Sensory receptors convert physical stimuli into electrical signals through specialized ion channels; depolarization generates a receptor potential proportional to stimulus intensity. Adaptation occurs at peripheral (channel inactivation, desensitization) and central (neural habituation) levels, allowing rapid detection of stimulus changes while filtering out constant background stimuli. Different receptor types adapt at different rates, enabling both sustained awareness and dynamic response.
You already know from ion channel selectivity that ion channels open and close in response to specific triggers, and from neural anatomy that neurons communicate via graded potentials and action potentials. Sensory transduction is where those two ideas meet: it is the process by which a physical event in the external or internal world — a photon, a pressure wave, a temperature change, a chemical molecule — is converted into a change in membrane voltage that the nervous system can process.
Every sensory receptor contains transducer molecules, typically specialized ion channels or G-protein-coupled receptors linked to channels. When an adequate stimulus is applied, these molecules change conformation, opening or closing ion channels and shifting membrane permeability. The resulting shift in membrane potential is called the receptor potential (or generator potential). Unlike an action potential, the receptor potential is graded: a stronger stimulus produces a larger depolarization because more channels open. If the receptor potential is large enough to cross the threshold in an associated sensory neuron, it triggers action potentials. The frequency of those action potentials encodes stimulus intensity — stronger stimulus, higher firing rate — which is how the nervous system distinguishes a gentle touch from a firm press.

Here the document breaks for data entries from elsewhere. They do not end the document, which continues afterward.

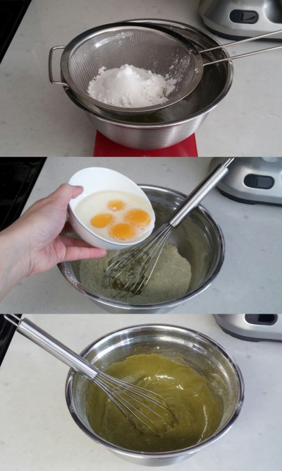 Sift flour and matcha powder together in a mixing bowl. Stir well then make a well in the center. Add oil, milk and egg yolks to the well and whisk gently until combined.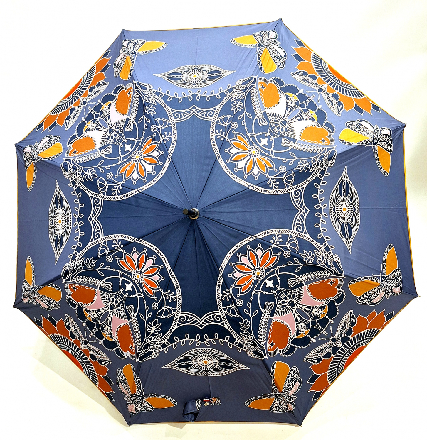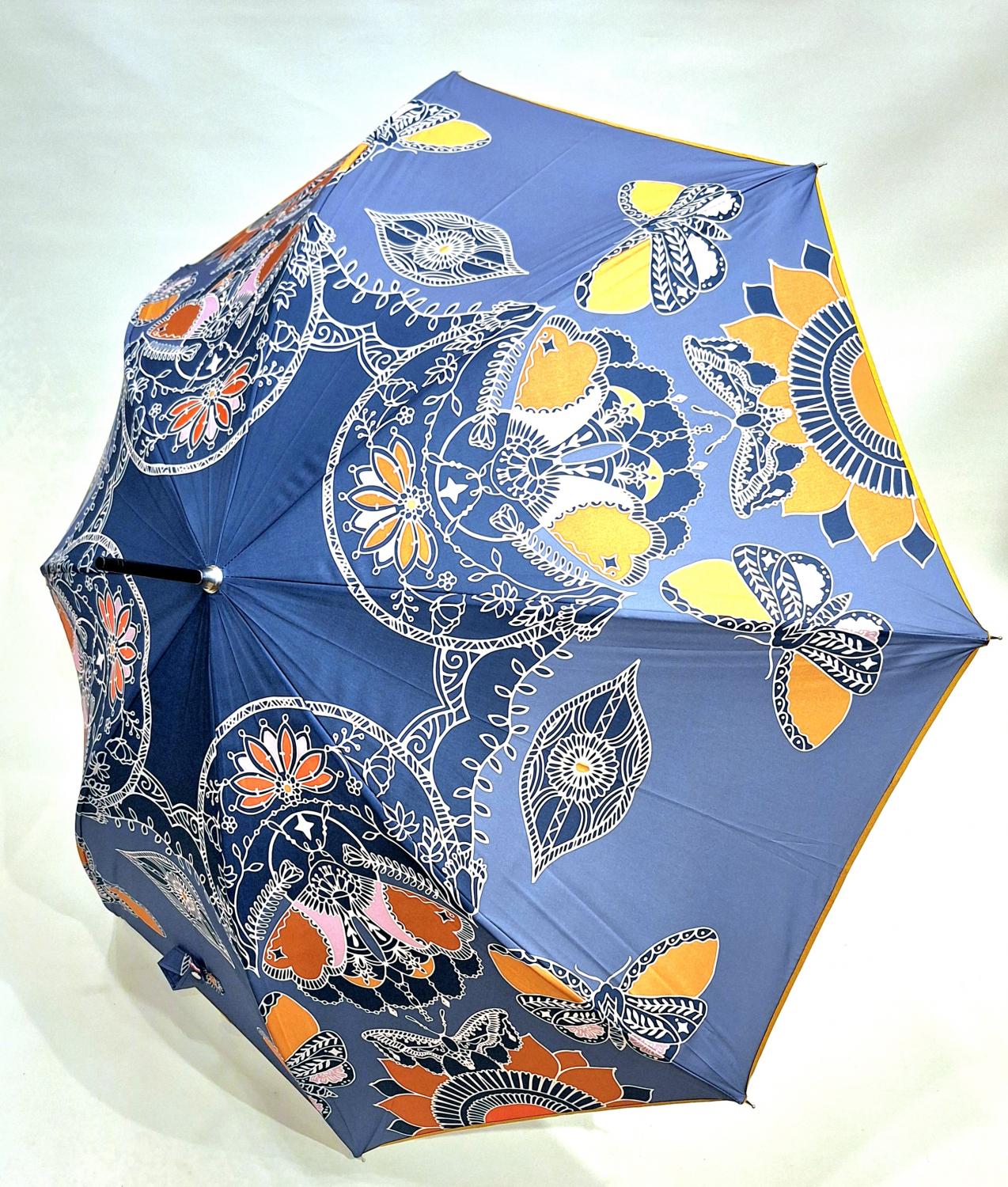 Parapluie long haut de gamme manuel mandala bleu et papillons - Français - Original & résistant
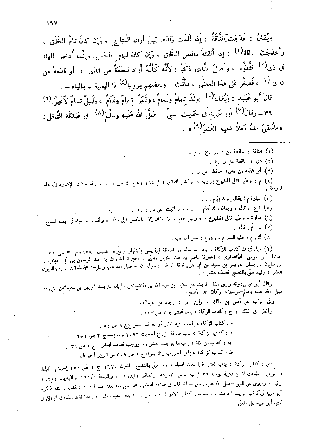 39 - وقال أبو عبيد فى حديث النَّبىِّ -صلَّى الله عليه وسلَّم- فى صدقة النخل: "ما سقى منه بعلاً قفيه العشر".

Adaptation is the reduction in receptor response despite a sustained constant stimulus. It is not a failure of perception — it is a design feature. Imagine wearing a watch: after a few minutes you stop feeling it on your wrist, yet if you accidentally cut your hand you notice immediately. This is adaptation at work. Rapidly adapting (phasic) receptors fire vigorously when a stimulus begins (and often when it ends) but fall silent if the stimulus continues unchanged. Meissner's corpuscles (light touch) and hair follicle receptors are phasic — they signal *change*. Slowly adapting (tonic) receptors maintain firing throughout a sustained stimulus. Merkel discs (sustained pressure) and muscle spindles (ongoing length) are tonic — they signal *state*. At the cellular level, phasic behavior arises from ion channel inactivation: the sodium channels that opened to generate the initial receptor potential progressively close even though the stimulus persists, reducing depolarization.
The distinction between phasic and tonic receptors explains why you can simultaneously feel the steady weight of a backpack (tonic Golgi tendon organs monitoring muscle load), detect the subtle flutter of a friend's touch on your arm (phasic Meissner's corpuscles), and maintain proprioceptive awareness of your posture (tonic muscle spindles) — all using the same sensory machinery running at different adaptation rates. Central adaptation (habituation in the brain) adds a second layer: even signals that reach the cortex can be filtered out through descending inhibition if they carry no new information, leaving the nervous system free to detect genuinely novel or potentially threatening changes in the environment.